Hi Wenchao, thanks for the comment. You can use the following commands, spectrum b, blue_white_red, minimum=20, maximum=50 as cartoon cartoon putty ramp_new colorbar, none, [50, 35, 20], [red, white, blue] I found them here pymolwiki.org/index.php/Advanced_Coloring

Hi Prachi, You can use the 'builder' button in the top right section of the GUI. Make sure you are on the 'chemical' tab of the builder window, Make sure you in editing mode at the bottom right of the GUI Click on the atom you wish to replace, and then click the atom type you want on the builder menu. If you wish to 'add' rather then 'replace' then you should first replace the first atom with itself, this will add hydrogens, you can then replace the hydrogens.
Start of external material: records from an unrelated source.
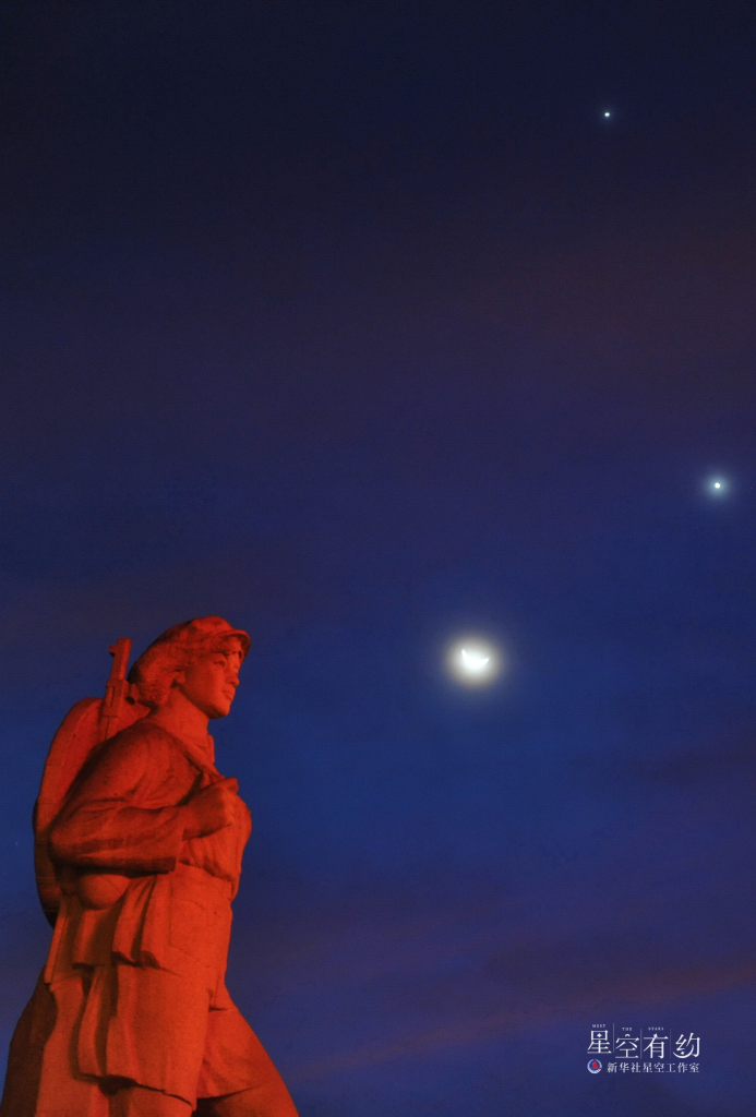 这是2012年7月16日凌晨在海南省琼海市拍摄的红色娘子军雕像上空的金木合月天象。新华社发(蒙钟德 摄)
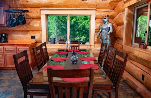 3000 square feet of rustic bliss! Will consider winter season. The property is perfect for small weddings and family reunions. 5 bedrooms, 3 baths, on three levels, in the heart of the White Mountains. Please call for a quote any time on the calendar. This is a standout property that you don't see in the Northeast that often. You will be mystified by the ancient form of Scandanavian craftmanship. Tastfully decorated, surrounded by giant logs, in a perfect spot for vacationers. The property is 6 minutes to Bretton Woods and the world famous Mount Washington Hotel. 12 minutes to Cannon Mt. and Echo Lake Beach. 30 minutes to Loon. Overall, you are within a half hour from Santa's Village, downtown Littleton, Storyland, Attitash, North Conway Shopping, Loon Mt, Whales Tale Water park, The Flume, Clark's Trained Bears, Polar Caves, Moose Tours, zip line activities, hiking trails, Forest Lake, and much more. This gem has million dollar views of Mount Washington and views of three different Mountain ranges all together. You have town water and cable but you feel secluded and off the beaten path. Corridor 11 snowmobile trail is across the front yard for your convenience. Inside there are 4 flatscreens, exotic ceiling fans, a pass through field stone fireplace, darts, pool table, potentially a card table, and wonderful decks to soak in the view. The outdoor firpit with chairs is directly in front of the big mountain. Overall, an unbeatable setting to spend your White Mountain vacation. Don't let this pass by. This is one of the best if not the best house in this popular community. The property sleeps twelve and pets are welcome on a conditional basis. A fee and a larger deposit has to go with any pet. The house is new and there is no other way. You don't see houses like this for rent often so hurry and reserve your space. Feel free to call and negotiate the time and price. Early check in and late check out could be permitted depending on the schedule. Cancellations might be allowed for certain April, May, and November bookings. Cancellations can be accommodated with a rebooking of the property. This has worked out 100 percent. Two nights will be considered at certain times of year. I look forward to hosting you at my log home.
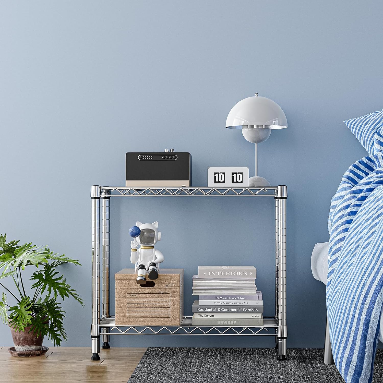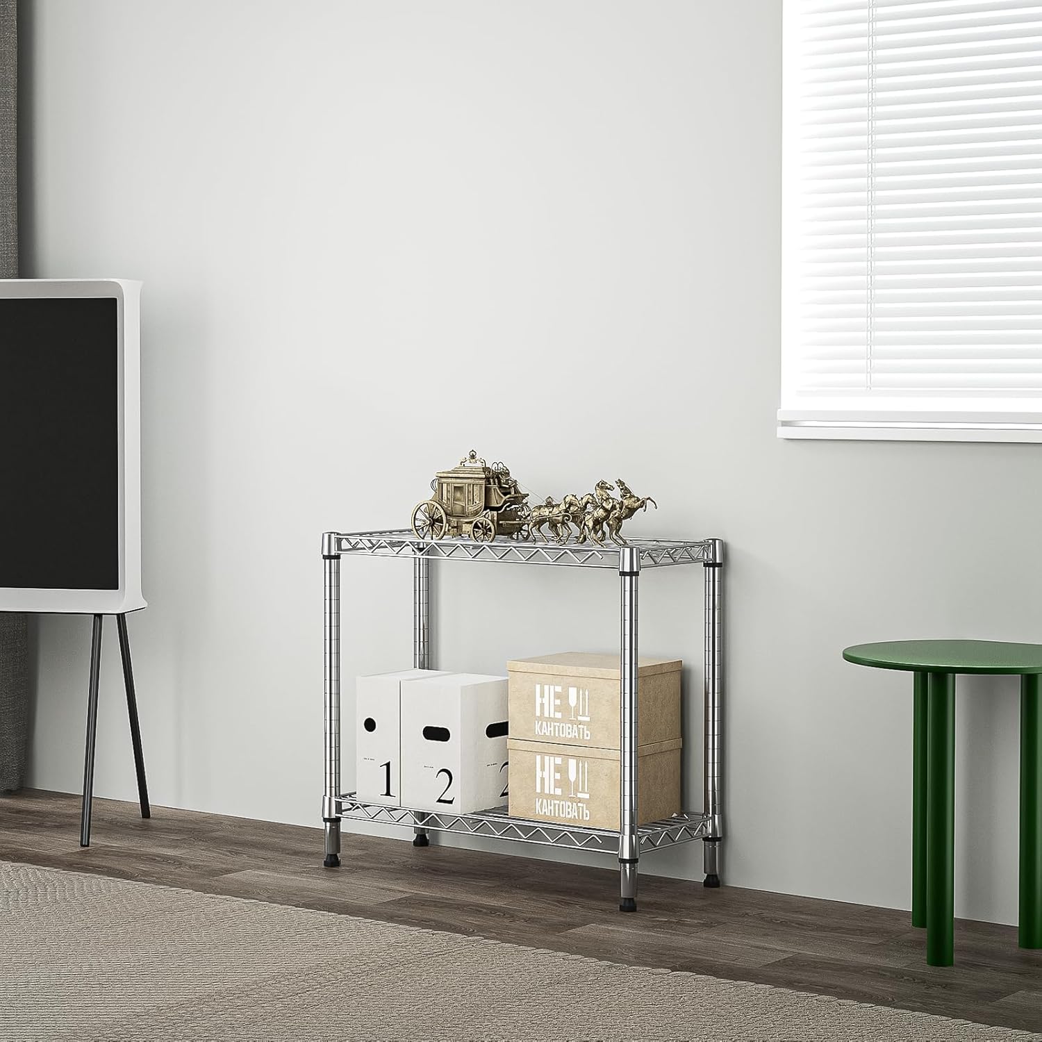 MZG 220 lbs 2 Tier Storage Rack Metal Wire Shelving Unit, Storage Standing Household Shelf Organizer for Laundry Bathroom Kitchen Pantry Closet Garage Utility Room, Chrome 11.8" D x 27.6" W x 23.4" H

To make phosphoserine . . . click on the side chain oxygen and select 'O' from the builder menu, this will add hydrogens click on the hydrogen, click on the 'P=O3' button on the GUI. remember you can rotate bonds by clicking on them if hold CTRL and right click, while in editing mode. For more complicated modifications, it might be worth finding a pdb with the correct structure and substituting it in.